Pharos400 Release Notes and TDL Updates

This page accompanies the public-facing pharos400_tdls_canonicals.csv and pharos400_tdls_full.csv releases. It summarizes what changed relative to Pharos319, how canonical, isoform, and alternate-product logic is assigned, and what the public TDL table contains.

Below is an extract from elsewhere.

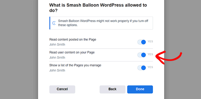 For instance, if you want to enable users to read the user content on the page, then you need to toggle the switch to ‘Yes’.
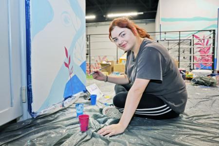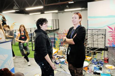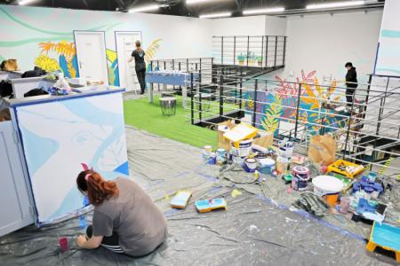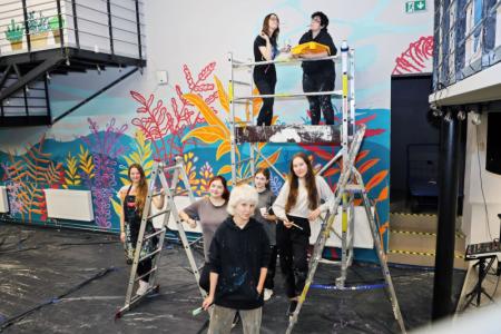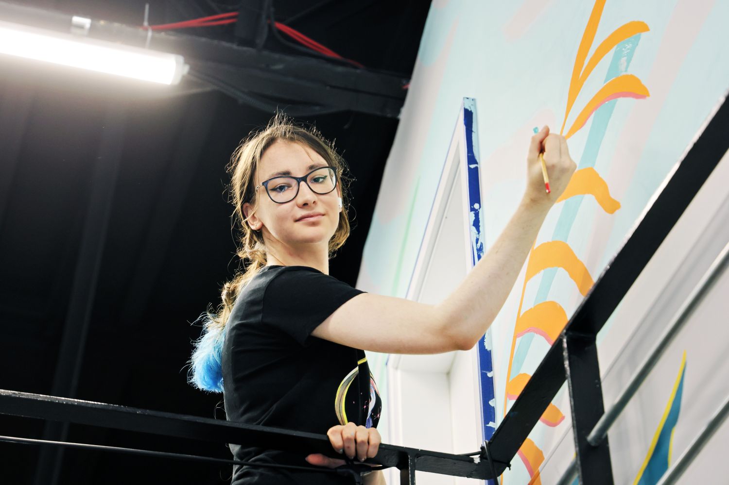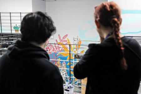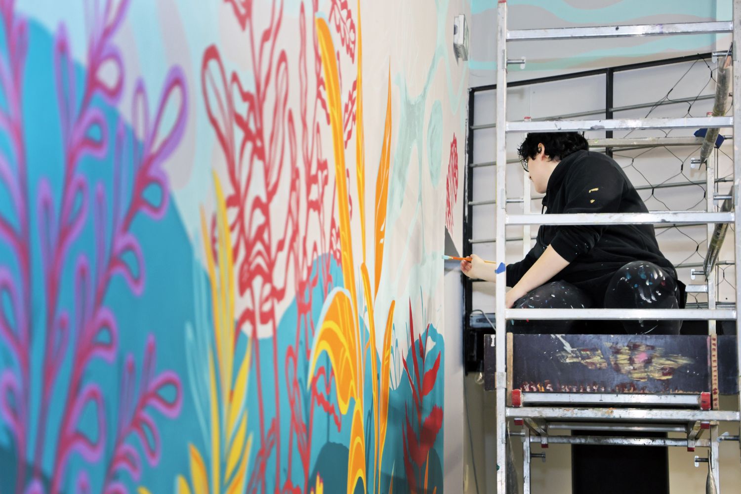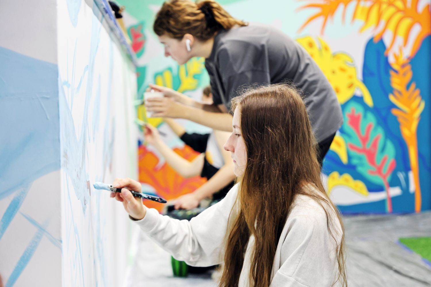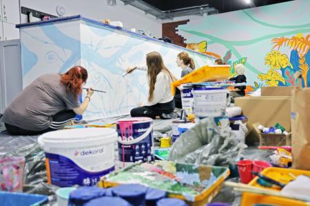 Wnętrze OAS „Kotłownia” nabrało nowego wyrazu – dzięki artystycznej aranżacji ściennych kompozycji, przestrzeń zyskała barwną, inspirującą oprawę. Główne motywy projektu to żywe kolory oraz stylizowane elementy roślinne, które razem tworzą dynamiczną i energiczną atmosferę.

Total Human Protein Rows 166,833
Canonical Proteins 20,654
Isoform + Alternate Product Rows 146,179

Release Summary

Unlike legacy Pharos319, which used a largely static set of 20,412 proteins, Pharos400 is protein-centric, provenance-tracked, and isoform-aware.

The public Pharos400 release is distributed as two complementary files:

This release includes both reviewed (Swiss-Prot) and unreviewed (TrEMBL) human UniProt accessions after applying the UniProt transition filtering now being disclosed by UniProt.

In practice, the Pharos400 MySQL-backed database and knowledge graph are designed to stay current with UniProt and other supporting protein data resources, rather than remaining tied to a one-time legacy protein set.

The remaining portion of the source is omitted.